> **Exercise**
Reproduce each line of the material exactly, minus any picture.

> **Raw data**
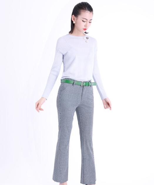 而且宽松的休闲长裤也十分有个性,纹路让人不再感到单调,绿色的皮带给整体带来了一丝明亮的色彩,而且也很好地划分了上下身比例,轻松凸显好身材。
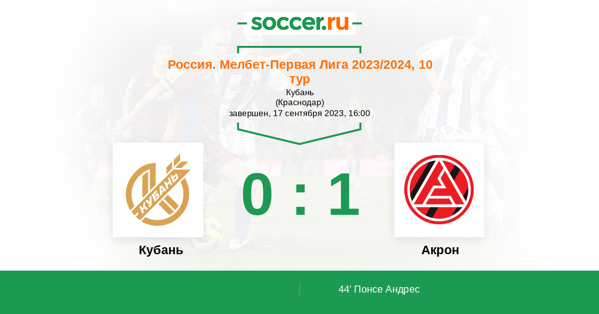 Кубань - Акрон: обзор матча 17 сентября 2023
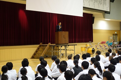 はじめに、渡邉理事長先生からお話しがありました。先日応援に行かれた高校野球部の試合結果や剣道部の試合結果について、「努力の成果が見られて良かった」と選手達を労いました。

> **Solution to this task**
 而且宽松的休闲长裤也十分有个性,纹路让人不再感到单调,绿色的皮带给整体带来了一丝明亮的色彩,而且也很好地划分了上下身比例,轻松凸显好身材。
 Кубань - Акрон: обзор матча 17 сентября 2023
 はじめに、渡邉理事長先生からお話しがありました。先日応援に行かれた高校野球部の試合結果や剣道部の試合結果について、「努力の成果が見られて良かった」と選手達を労いました。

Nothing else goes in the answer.